Look through the data below and output, unchanged, every line from the one holding "Waterside homes for" through the one holding "ASOS DESIGN Gonna", inclusive. Skip the pictures.

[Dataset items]
──────────────────────────────

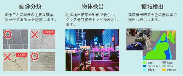 二つ目は、まさに見て分かる画像の解析による見える化です。下の図にあるような判断を伴う画像分類、識別能力を生かした物体や領域の検出などが挙げられます。このような画像の分析や画像の加工を応用した見える化は目視検査の自動化など工場においてもいろいろな分野への適用が期待されます。
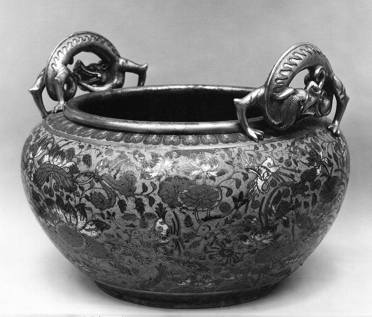 - Dimensions: H. at handles 12 in. (30.5 cm); Diam. 15 in. (38.1 cm); Diam. of rim 11 1/4 in. (28.6 cm); Diam. of foot 9 in. (22.9 cm)
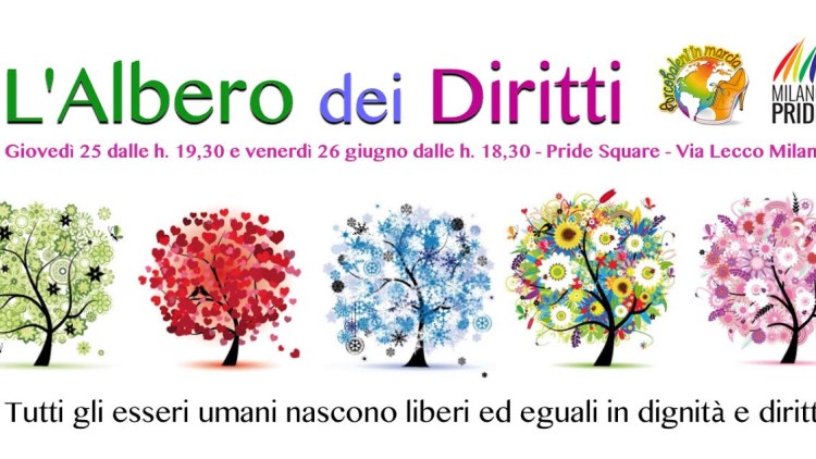 Arcobaleni in marcia presenta: L’albero dei diritti Giovedì 25 giugno dalle h. 19,30 e venerdì 26 dalle h. 18,30 – Pride Square Via Lecco Milano “Tutti gli esseri umani nascono liberi ed eguali in dignità e diritti. Essi sono dotati di ragione e…
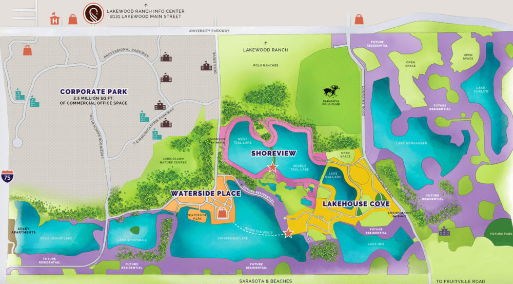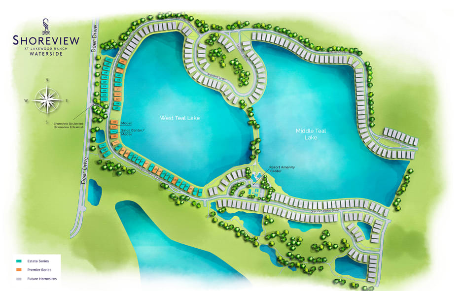 Waterside homes for sale are nestled within a master-planned community of single-family homes consisting of two neighborhoods, Lakehouse Cove and Shoreview.
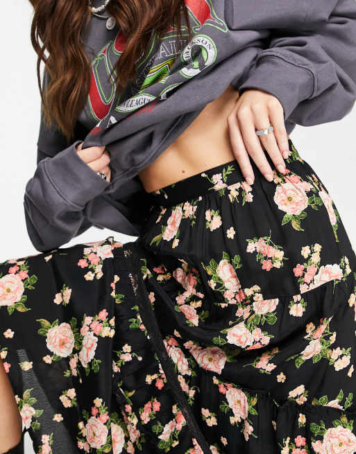 ASOS DESIGN Gonna lunga a fiori con inserto in pizzo ASOS
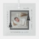 Minimal and elegant, this keepsake baby photo ornament beautifully captures your newborn’s first Christmas. Featuring a classic black and white striped frame, the design highlights your baby's photo with timeless style. Surrounding the image, delicate evergreen trees and modern typography showcase your baby's name, birth date, time, and stats in a clean, contemporary layout. A meaningful and stylish way to commemorate a precious moment during the holiday season. Hand-drawn original illustration by ©Moodthology Papery
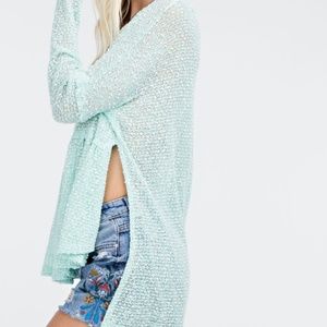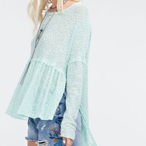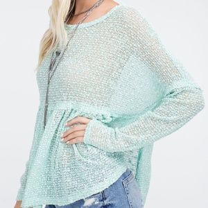 Color: Mint Green, Loose and Oversize Fit, Open Side Slits, Ruffle/Pleated Front, Thin and Sheer Material, High-Low Detail, Round Neck, 56% Polyester, 44% Rayon
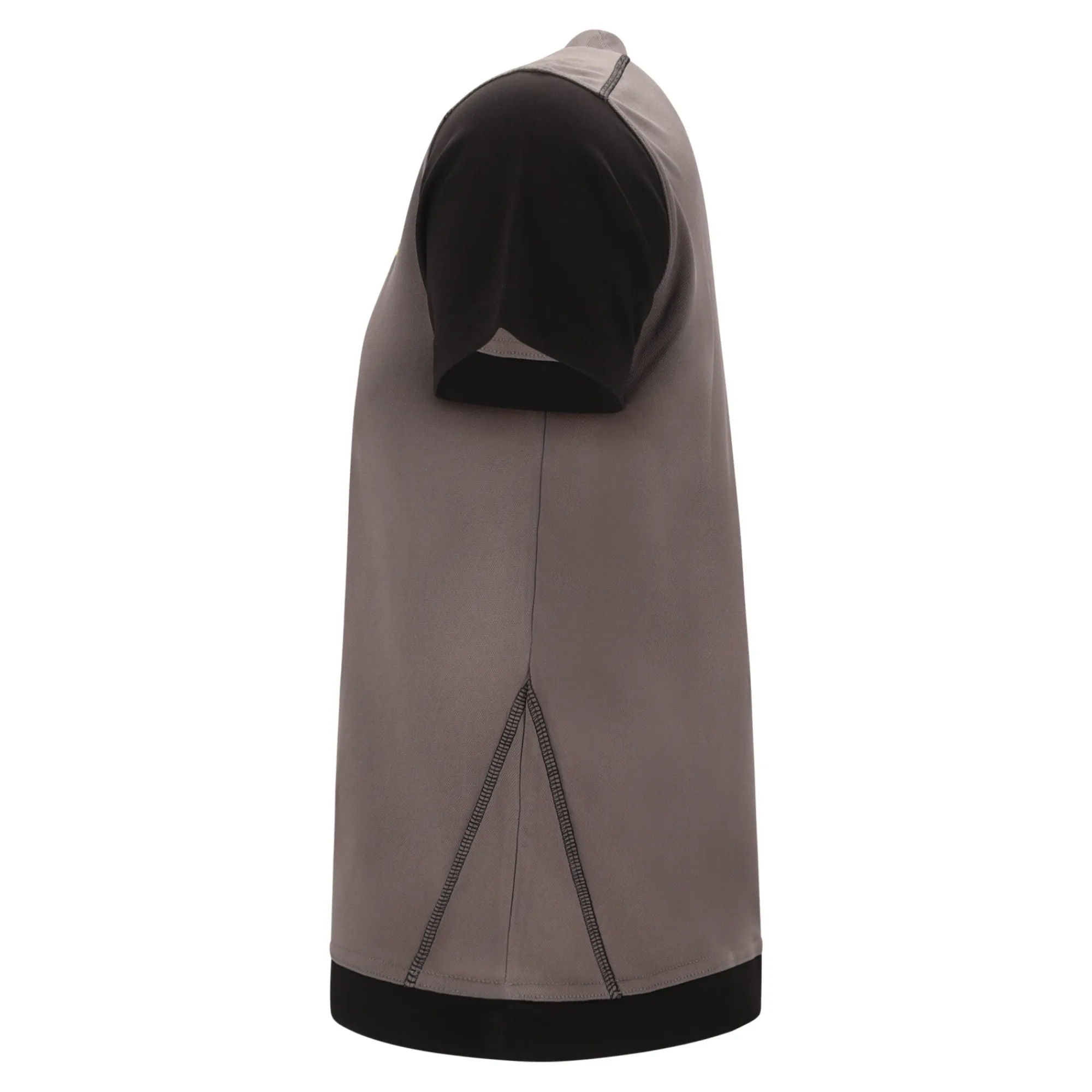 Grijs T-shirt van Cratex. Met zwarte korte mouwen en met klein logo. Verkrijgbaar in de maten XS-4XL.

──────────────────────────────

* _Result for this task_
 Waterside homes for sale are nestled within a master-planned community of single-family homes consisting of two neighborhoods, Lakehouse Cove and Shoreview.
 ASOS DESIGN Gonna lunga a fiori con inserto in pizzo ASOS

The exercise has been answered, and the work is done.